Add datasketches HLL sketch aggregate functions#63143
Conversation
|
Thank you for your contribution to Apache Doris. Please clearly describe your PR:
|
|
run buildall |
|
run buildall |
|
compile |
FE UT Coverage ReportIncrement line coverage |
Cloud UT Coverage ReportIncrement line coverage Increment coverage report
|
FE UT Coverage ReportIncrement line coverage |
|
run buildall |
|
run buildall |
Cloud UT Coverage ReportIncrement line coverage Increment coverage report
|
FE UT Coverage ReportIncrement line coverage |
TPC-DS: Total hot run time: 171529 ms |
Hello @zclllyybb , I have added docs for the datasketches_hll_union_agg aggregate function(apache/doris-website#3711). Also, could you please help trigger /review again? I've fixed the new comments from the bot. |
TPC-H: Total hot run time: 31515 ms |
TPC-DS: Total hot run time: 168794 ms |
BE UT Coverage ReportIncrement line coverage Increment coverage report
|
FE UT Coverage ReportIncrement line coverage |
|
run p0 |
BE Regression && UT Coverage ReportIncrement line coverage Increment coverage report
|
FE Regression Coverage ReportIncrement line coverage |
|
run nonconcurrent |
|
run buildall |
|
|
||
| echo "install datasketches-cpp to thirdparty path before build be" | ||
| update_submodule "contrib/datasketches-cpp" "datasketches-cpp" "https://github.com/apache/datasketches-cpp/archive/refs/tags/5.2.0.tar.gz" | ||
| cd "${DORIS_HOME}/contrib/datasketches-cpp" |
There was a problem hiding this comment.
why maintain through contrib instead of thirdparty?
| AggregateFunctionPtr create_aggregate_function_datasketches_hll_union_agg( | ||
| const std::string& name, const DataTypes& argument_types, const DataTypePtr& result_type, | ||
| const bool result_is_nullable, const AggregateFunctionAttr& attr) { | ||
| return creator_with_type_list<TYPE_STRING, TYPE_VARCHAR, TYPE_BINARY, TYPE_VARBINARY>::create< |
There was a problem hiding this comment.
In FE, you have only registered .args(StringType.INSTANCE). Do the other types also need to be registered in FE?

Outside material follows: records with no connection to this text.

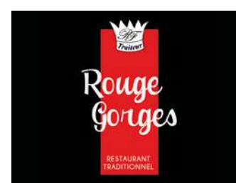
LE ROUGE GORGES

En parallèle de son activité traiteur Fabrice Roy a ouvert un restaurant. Une cuisine traditionnelle, à base de produits frais du marché.
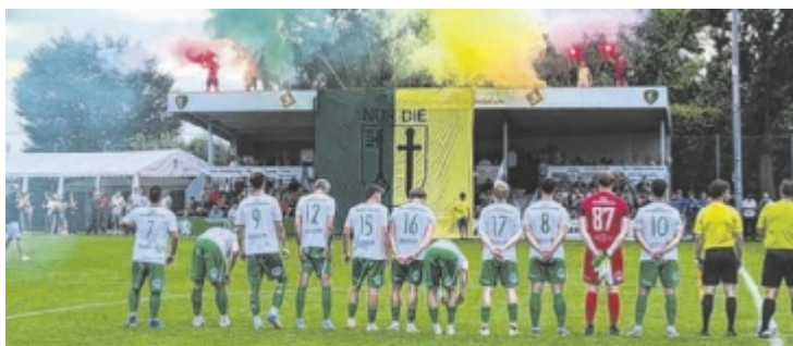
Der Fanklub aus Waldneukirchen sorgt mit seiner Choreografie beim Heimspiel für Gänsehaut bei den Spielern.

Die Union Waldneukirchen musste sich vor 350 Zuschauern zu Hause gegen BW Stadl-Paura mit einem 0:0 begnügen. Auswärts verlor man mit 2:5, damit steigt Waldneukirchen in die 2. Klasse ab. ■
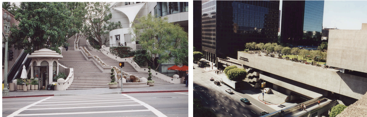
Photos 2 et 3 : Espaces ouverts au public mais privés dans le downtown de Los Angeles (« steps » et « plaza »), un traitement architectural et spatial pour se distinguer de l'espace public environnant

ou de mobiliers qui pourraient attirer des populations indésirables. En fait, la « politique » de gestion de ces espaces est bien dans la sélection de l'utilisateur ; refoulement de populations indésirables (sans-abris, jeunes perturbateurs...) et ciblage des usagers consommateurs des services offerts (payants, comme les restaurants, bars, commerces).
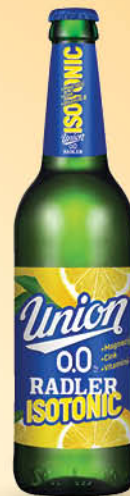
Pivo Radler Isotonic, brezalkoholno, 0,5 l, steklenica T.P.: 20 kos ŠIFRA art.: 870313
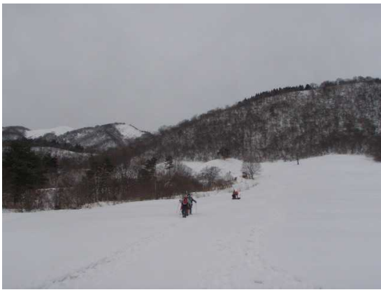
マキノスキー場 上部

大谷山からの下り初めは小さいピークをアップダウンしなければならず、スキーを付けたままではしんどかったが、下りとなるとやはりスキーは快適。樹間をぬって下まで滑り降りることができた。
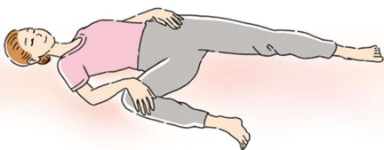
ストレッチは無理のない範囲で行いましょう

手を椅子などに添え、足は肩幅くらいに広げてまっすぐ立ちます。つま先立ちになり、重心をかけたなかからかかとを床につきます。これを1セットにつき10回、1日3セットがおすすめです。ほかに、仰向けに寝て膝を立てます。片足の膝を伸ばしてゆっくり持ち上げ、5秒ほどキープして元に戻します。これを片足5〜10回繰り返しましょう。

TPC-H: Total hot run time: 31164 ms |
| AggregateFunctionCreator creator = | ||
| create_aggregate_function_datasketches_hll_union_agg<AggregateFunctionHllSketchData>; | ||
| factory.register_function_both("datasketches_hll_union_agg", creator); | ||
| factory.register_alias("datasketches_hll_union_agg", "ds_hll_union_count"); |
There was a problem hiding this comment.
What is the basis for aliases? For the same behavior, sr named ds_hll_estimate, SnowFlake named DATASKETCHES_HLL_ESTIMATE. I think these should be registered with this name or alias.

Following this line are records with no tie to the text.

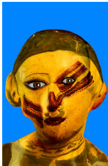
Figura 6. ORLAN. Desfiguración y refiguración. Precolombina mitad híbrido no.3

Novia de Frankenstein , con la característica línea blanca zigzagueante en su cardada melena morena. (DueñasVillamiel, 2011:35-39)
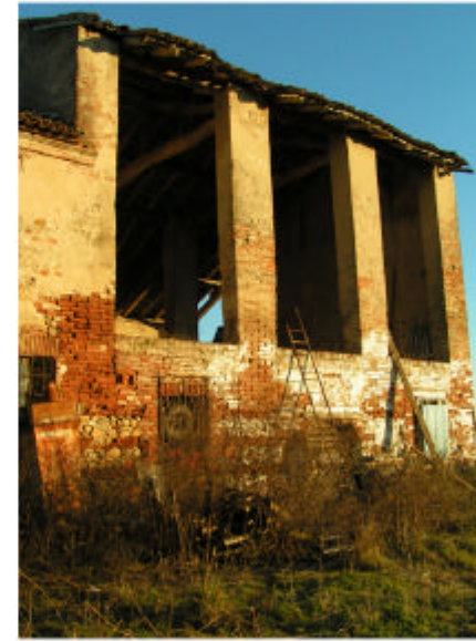
2. Edificio 1, parte 1b. Fronte ovest
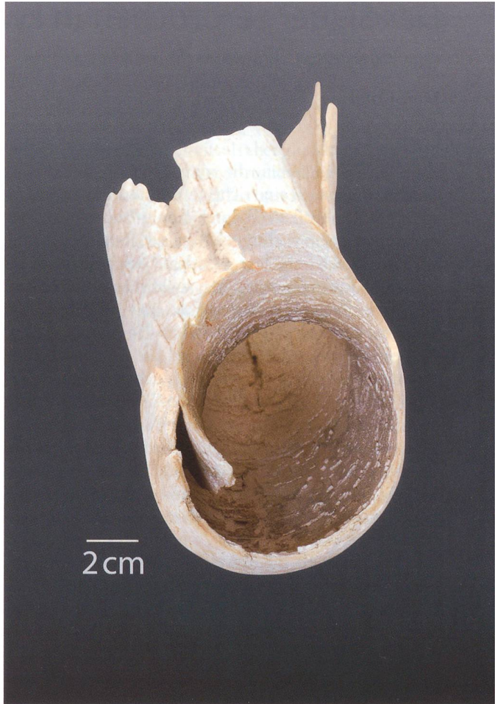
Das Stosszahnfragment des Wollhaarmammuts misst 65 cm in der Länge, 10 cm im Durchmesser und wiegt 1,1 kg. Effektiv war der Zahn dicker, weil die Ränder des hohlen und längs gespaltenen Fundstücks übereinander liegen.

Region, zum Beispiel vom Riesenhirsch ( Megaloceros giganteus ), vom Wollnashorn ( Coelodonta antiquitatis ), vom Steppenwisent ( Bison priscus ) und vom Wollhaarmammut ( Mammuthus primigenius ), die alle ausgestorben sind, oder vom Ren ( Rangifer tarandus ) und vom Moschusochsen ( Ovibos moschatus ), die heute nur noch im hohen Norden vorkommen. Die drei letzten Nachweise von Wollhaarmammuts stammen aus der Kiesgrube Gunzgen (Jahr 2003, Stosszahnfragment, NMO Nr. 26576/ETH-28441: 21000 \pm 120 BP, kalibriertes Alter 23700 bis 23050 v. Chr.), aus der Kiesgrube Hard in Däniken (Jahr 2008, Stosszahnfragment, NMO Nr. 26629/ETH-37528: 12920 \pm 50 BP, kalibriertes Alter 13600 bis 13050 v. Chr.) und wieder aus der Kiesgrube Gunzgen mit dem aktuellen Fund, der erstaunlicherweise viel älter ist als die beiden anderen. Der Stosszahn ist nur wenig jünger als die berühmten eiszeitlichen Funde von Niederweningen im Kanton Zürich und stammt aus einer nicht allzu kalten Zeit vor dem sogenannten Letzten Glazialen Maximum. Die Eiszeitkarte (Bild) zeigt die Häufung der Mammutnachweise in der Region Olten.
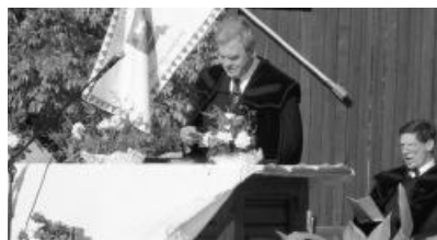
Tőkés László püspök több száz Magyarországon élő erdélyi előtt hirdette Isten Igéjét a rendezvényzáró istentiszteleten
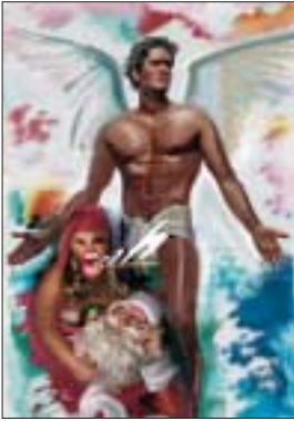
Das Titelmotiv „Mary Xmas“, des Oldesloer Grafikers Hardy Fürstenau, können Sie, bei einer limitierten Auflage von 100 Stück, im Format 40x60 cm, auf Leinen gedruckt, für 49,- €/Stück bestellen.
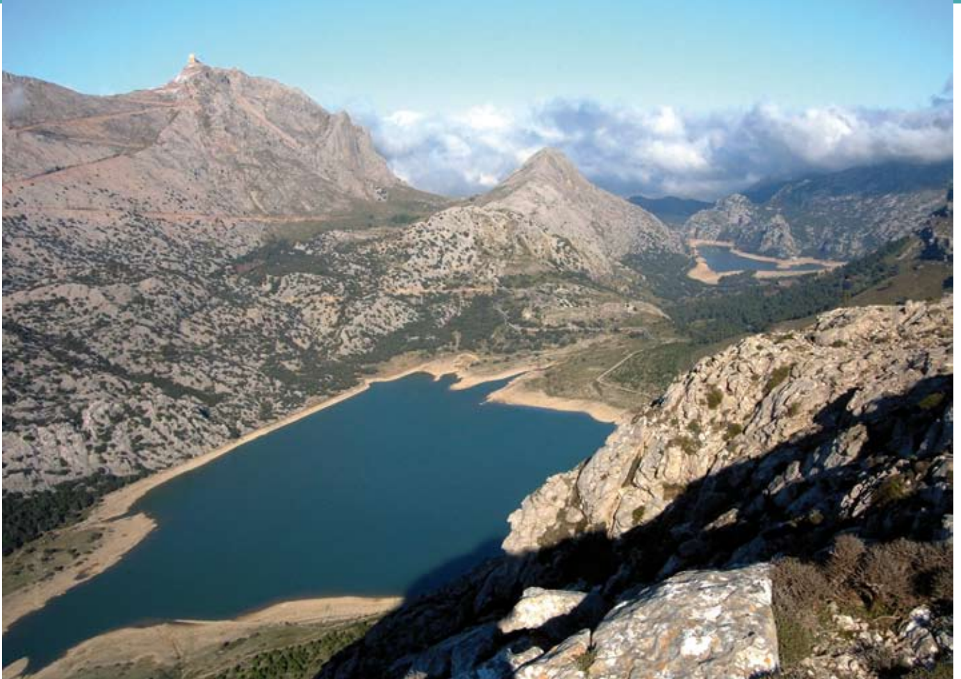
Stausee von Cúber und Gorg Blau

Bis Anfang des 20. Jahrhunderts war Cúber ein großes Landgut, das sich hauptsächlich der Landwirtschaft und extensiven Schafszucht widmete. Die landwirtschaftliche Nutzung war auf den unteren Teil des Tals konzentriert, wo die beste Erde für Weideland und Getreideanbau vorhanden war. Bei der Überschwemmung des Cúber-Tals im Jahr 1972 wurden die Häuser dieses Guts, die Felder und die Weiden zerstört und die Landwirtschaft in der Gegend wurde aufgegeben.
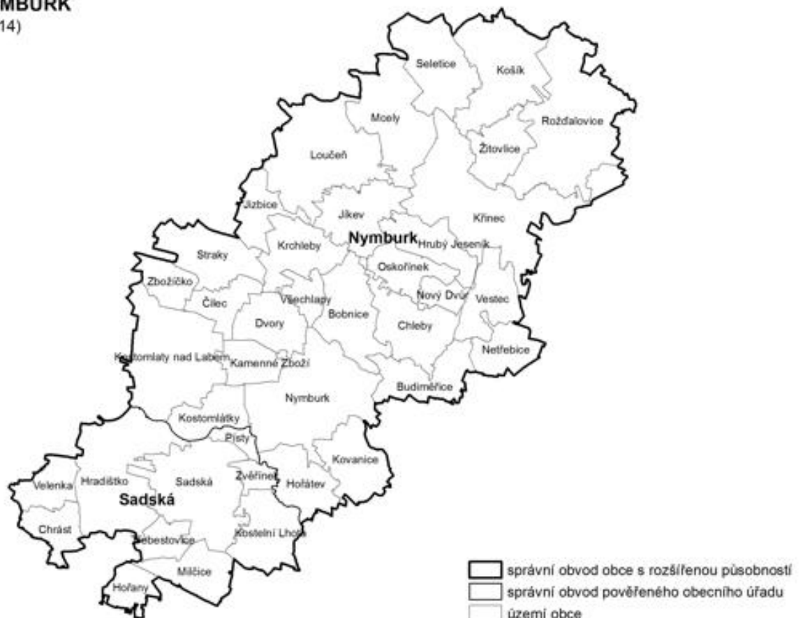
SO ORP NYMBURK (stav k 1. 1. 2014)

| * as this value is used as a performance baseline in the relevant documentation. | ||
| * (https://datasketches.apache.org/docs/HLL/HllPerformance.html) | ||
| */ | ||
| static const uint8_t DEFAULT_LOG_K = 12; |
There was a problem hiding this comment.
| static const uint8_t DEFAULT_LOG_K = 12; | |
| static constexpr uint8_t DEFAULT_LOG_K = 12; |
| } | ||
| try { | ||
| hll_union_data->update(sketch_data); | ||
| } catch (...) { |
There was a problem hiding this comment.
Can we refine the exception handling? Can we include doris::Exception and std::exception::what() in the error messages to identifying the cause of DataSketche failure?
TPC-DS: Total hot run time: 170760 ms |
| namespace detail { | ||
| /** The structure for the delegation work to add one element to the `datasketches_hll_union_agg` aggregate functions. | ||
| * Used for partial specialization to add strings. | ||
| */ | ||
| template <PrimitiveType T, typename Data> | ||
| struct OneAdder { | ||
| static void ALWAYS_INLINE add(Data& data, const IColumn& column, size_t row_num) { | ||
| if constexpr (is_string_type(T) || is_varbinary(T)) { | ||
| StringRef value = column.get_data_at(row_num); | ||
| if (value.empty()) { | ||
| throw Exception(ErrorCode::CORRUPTION, | ||
| "HLL sketch data corrupted when add: empty input."); | ||
| } | ||
| try { | ||
| using Sketch = typename Data::Sketch; | ||
| using Alloc = typename Data::Alloc; | ||
| Sketch sketch_data = Sketch::deserialize(value.begin(), value.size, Alloc()); | ||
| data.merge(sketch_data); | ||
| } catch (...) { | ||
| throw Exception(ErrorCode::CORRUPTION, "HLL sketch data corrupted when add."); | ||
| } | ||
| } | ||
| } | ||
| }; | ||
| } // namespace detail |
There was a problem hiding this comment.
The detail::OneAdder is used by the current aggregation function only and is placed separately in the namespace, I think the abstraction benefits are not obvious.
Can this be changed to the private static function of AggregateFunctionDataSketchesHllUnionAgg to make the call relationship and scope more intuitive?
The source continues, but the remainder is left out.